Ben Sisko’s evolution from skeptical scientist-explorer who makes first contact with “wormhole aliens” to the fully realized Emissary, who defends Bajor from threats outside of corporeality or linear time, should not have worked for me at 16, when I was reading Nietzsche’s Thus Spoke Zarathustra and playing Marilyn Manson’s Mechanical Animals nonstop. I was the Black boy who rejected the God of my father, the God of Abraham, Issac, and Jacob. To a palpable degree, I turned my back on Blackness as a result. Christianity’s ubiquitous in the South; to claim the label atheist is to unmask as alien as any Gamma Quadrant denizen with horns for a beard. But looking back, I believed Sisko because I understood the trajectory. Many of us once known by the DuBoisian moniker “Talented Tenth” spend most of our lives in preparation for the academy, where Western philosophical thought questions the nature of God and man without regard for mainstream popularity. Once we enter, we collide with the cosmopolitan secular humanism prevalent in American higher learning, where religion is at best quaint and usually a mild mental illness. Science fiction loves that. Ask yourself how often religion on Star Trek: The Next Generation amounted to quasi-Buddhist meditation with lit candles and mood lighting — Worf’s long wild hair framing a harried and bony brown brow, Riker comically interrupting as if it’s not important.

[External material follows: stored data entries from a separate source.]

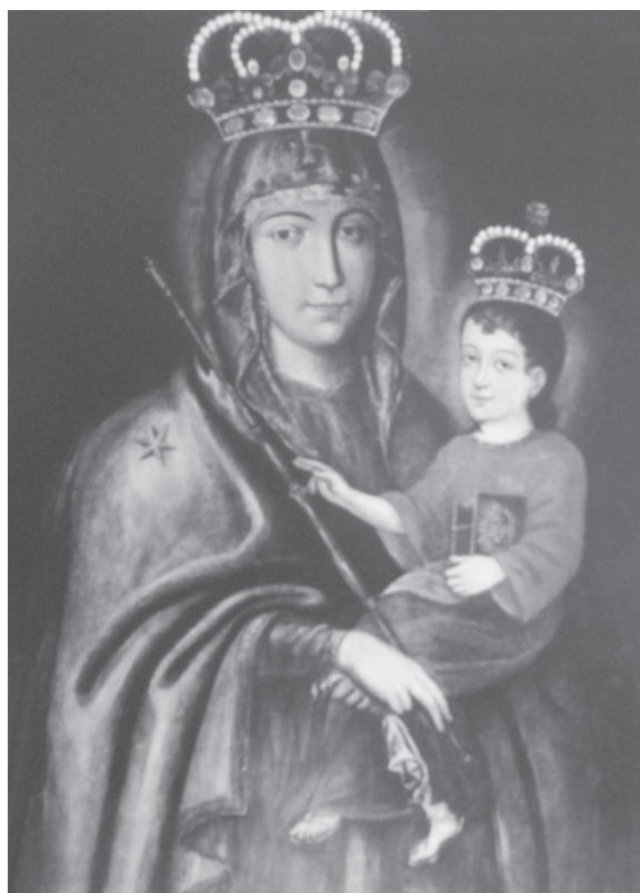
Ryc. 6. Matka Boża Lubaska, wg Rosikoń 2004, s. 255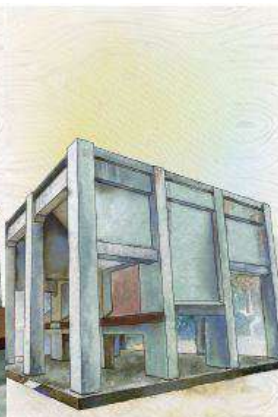
- 鋸屑室 -

1913年完工，製材所電力皆來自於動力室的火力發電系統，透過當時先進的設備讓製材流程達到自動化。RC建築，挑高跨距設計，為嘉義市定歷史建築。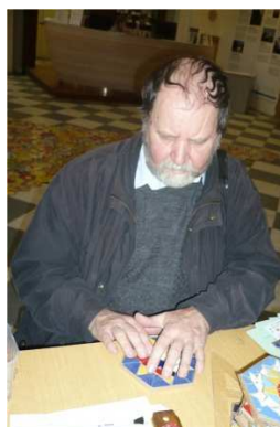
Barvy slov, 2009

And we are still Black! We’ve seen the tearful brown mothers who pray over wounded sons, visited frightened high school linebackers whose X-rays display catastrophic spinal damage after one bad practice, attended funerals for cancer survivors and baby showers for cheerleaders. We’ve seen our community replenish itself through faith. For Benjamin Sisko, a Black man of the future, to spend so much of that imagined time reflecting on race justified for me his gradual acceptance and respect for Bajoran theology. Sisko understands that a human response to suffering cannot always be cerebral, that communities unify though shared precepts, that ritual and supplication and prayer do not betray backwardness or ignorance among those with dirty fingernails on skyward hands.

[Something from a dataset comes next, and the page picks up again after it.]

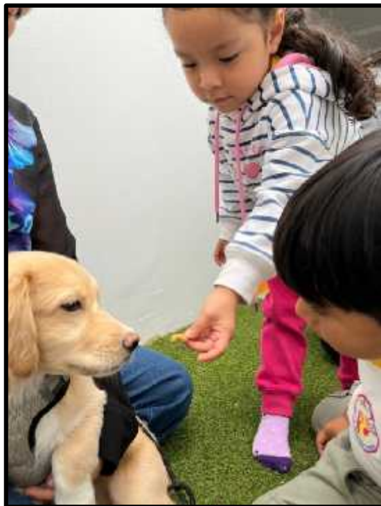
Imagen 32: Los estudiantes del grupo abejas tienen la visita de Dember.

Thus we recognize The Sisko’s brilliance: his Blackness is the lens through which we view the prejudices and philosophies of that frontier future and our fractured present. In the character of Ben Sisko, Black manhood combats revolutionary insurgents, genocidal shapeshifters, and false alien gods, all to question geopolitical ethics, just war theory, and the nature of God. Star Trek, at its finest hour, centered its most expansive artistic gift around ascendant Black manhood: complicated, commanding, and utterly human.
So no, I don’t feel so bad about skipping church.